Heaven Sent Food and Fiber utilizes numerous markets when selling their specialized products

Paul and Colleen Thornton together with their partners Carl and Sue Riccelli farm the acreage whose produce and product line are quickly becoming the hallmark of sustainable family farming, providing multiple products available from their website, at the Cherry Street Farmers Market in Tulsa, Okla., as well as the Farmers Market in Tahlequah, Okla., and via the Oklahoma Food Coop.
The farm is halfway between Tahlequah and the Arkansas border. The 60 acres has been in production since just after the Cherokee Trail of Tears. The land was, in Colleen’s words, ‘played out.’ Bringing back the land using compost and sustainable practices is essential, and is monitored by twice a year soil testing.
The original acreage had four ponds, five more have been created, not deep enough to fish, but deep enough at 6 feet to hold water as catchments against the persistent drought.
Production beehives yield honey for sale and honey for use in creating their handcrafted goat milk and honey soaps. All the animals are handled with as little stress as possible, as stressed animals do not produce the quality product the Thorntons are looking for.
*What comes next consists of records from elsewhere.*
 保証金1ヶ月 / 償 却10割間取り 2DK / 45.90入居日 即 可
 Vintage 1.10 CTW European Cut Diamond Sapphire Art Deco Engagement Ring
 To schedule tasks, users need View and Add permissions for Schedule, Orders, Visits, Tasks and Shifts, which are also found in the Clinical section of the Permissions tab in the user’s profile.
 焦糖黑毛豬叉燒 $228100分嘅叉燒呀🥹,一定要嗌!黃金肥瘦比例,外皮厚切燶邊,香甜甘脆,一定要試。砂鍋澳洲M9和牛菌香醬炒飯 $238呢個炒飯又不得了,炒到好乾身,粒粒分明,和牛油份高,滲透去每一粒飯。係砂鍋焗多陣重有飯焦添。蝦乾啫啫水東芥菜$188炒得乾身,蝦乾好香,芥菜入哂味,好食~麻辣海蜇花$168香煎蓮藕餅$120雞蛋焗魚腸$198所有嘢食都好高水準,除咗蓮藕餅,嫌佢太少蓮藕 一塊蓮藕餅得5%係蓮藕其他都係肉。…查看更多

A few yards from the beehives, alpaca gather under the trees. Once a year they will be sheared, by a professional (again to minimize trauma) and their wool will contribute to the farm’s yarn revenue.
As a dietician, holding an MBA in finance, Colleen has developed product lines to fill thoughtfully researched niche markets.
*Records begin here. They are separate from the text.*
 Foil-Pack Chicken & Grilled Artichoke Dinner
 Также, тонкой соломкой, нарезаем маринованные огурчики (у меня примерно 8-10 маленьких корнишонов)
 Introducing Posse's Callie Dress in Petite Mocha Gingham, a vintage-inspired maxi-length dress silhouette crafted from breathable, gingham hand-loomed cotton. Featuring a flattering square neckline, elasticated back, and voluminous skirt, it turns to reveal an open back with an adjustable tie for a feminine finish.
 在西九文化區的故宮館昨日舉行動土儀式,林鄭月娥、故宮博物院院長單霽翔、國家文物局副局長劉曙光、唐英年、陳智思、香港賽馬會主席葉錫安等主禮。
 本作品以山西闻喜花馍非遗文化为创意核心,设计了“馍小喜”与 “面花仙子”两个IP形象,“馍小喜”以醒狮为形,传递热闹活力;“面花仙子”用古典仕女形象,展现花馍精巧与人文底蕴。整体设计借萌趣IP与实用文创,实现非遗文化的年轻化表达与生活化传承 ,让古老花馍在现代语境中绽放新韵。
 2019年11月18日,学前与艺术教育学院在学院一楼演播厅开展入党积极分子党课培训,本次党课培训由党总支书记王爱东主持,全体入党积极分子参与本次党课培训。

The herd of Merino sheep, wearing jackets to protect their $25 a pound wool, produce a thick lanolin rich wool that will be hand carded, hand spun and hand dyed before being offered for sale in an upscale shop, at market or on the web.
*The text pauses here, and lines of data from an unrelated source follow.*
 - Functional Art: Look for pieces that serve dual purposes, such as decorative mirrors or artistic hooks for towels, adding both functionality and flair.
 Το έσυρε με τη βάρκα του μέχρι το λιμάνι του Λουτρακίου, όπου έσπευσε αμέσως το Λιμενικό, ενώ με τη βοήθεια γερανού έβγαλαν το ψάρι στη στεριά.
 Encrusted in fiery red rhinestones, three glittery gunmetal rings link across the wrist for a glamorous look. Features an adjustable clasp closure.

The playful, heat resistant Nubian goats generate milk to blend with the hive’s honey and produce a specialty line of soaps marketed with the farm’s name and a portrait of their favorite Nubian on the box. The fine milled soap is marketed through their website, at farmer’s markets and co-ops as well as being made available through SUPERCUTS and Fresh Markets.
Meeting the market request for young pigs, meat animals are bred from the farm’s Hampshire boar, Arnie. Arnie’s excellent confirmation means his offspring are sold before they hit the ground. It also means he is in sufficient demand as a sire to look forward to AI sales to augment income. The Thorntons keep Arnie in an acre paddock, reducing the stress that could make the 600 plus animal dangerous to handle.
In a far pasture, a Jersey tends her calf – her butter rich milk is at times offered as raw milk sold only off the farm, due to milk laws. In the immediate future, plans are being made to grow feed for the herd animals to promote the farm’s self-sufficiency and reduce dependence on possible imports of round bales.
But what the public sees visiting the Farmers Market are vegetables grown from heirloom seeds. Seedlings sprout under grow lamps in the house, then the seedlings are moved to one of the small hoop houses heavily tarped to minimize heat loss. There the transplants grow in vigorous green rows on fish emulsion added to the watering system. Market vegetables grown in plots, thrive in single long rows under plastic to conserve water and minimize the difficult and labor intensive weeding that goes along with any garden. The plastic cannot be reused. But the plastic warms the soil, and brings produce early to the market. An easy gauge to their success in reclaiming the worn out land is the 1,000 percent increase in earth worm population – who continue to churn the soil and increase permeability.
Inside the house, Sue Riccelli, a quiet shy woman warmed up on the subject of hand dying. The hand carded, hand spun wool is dyed in small lots to earth warm colors ranging from Raspberry Beret to muted oranges, bronze and the astonishing Chameleon which appears different colors in different light.
Animal populations on the farm complement each other: guinea fowl reduce tick populations, a large flock of chickens free-range producing both eggs and meat for the table.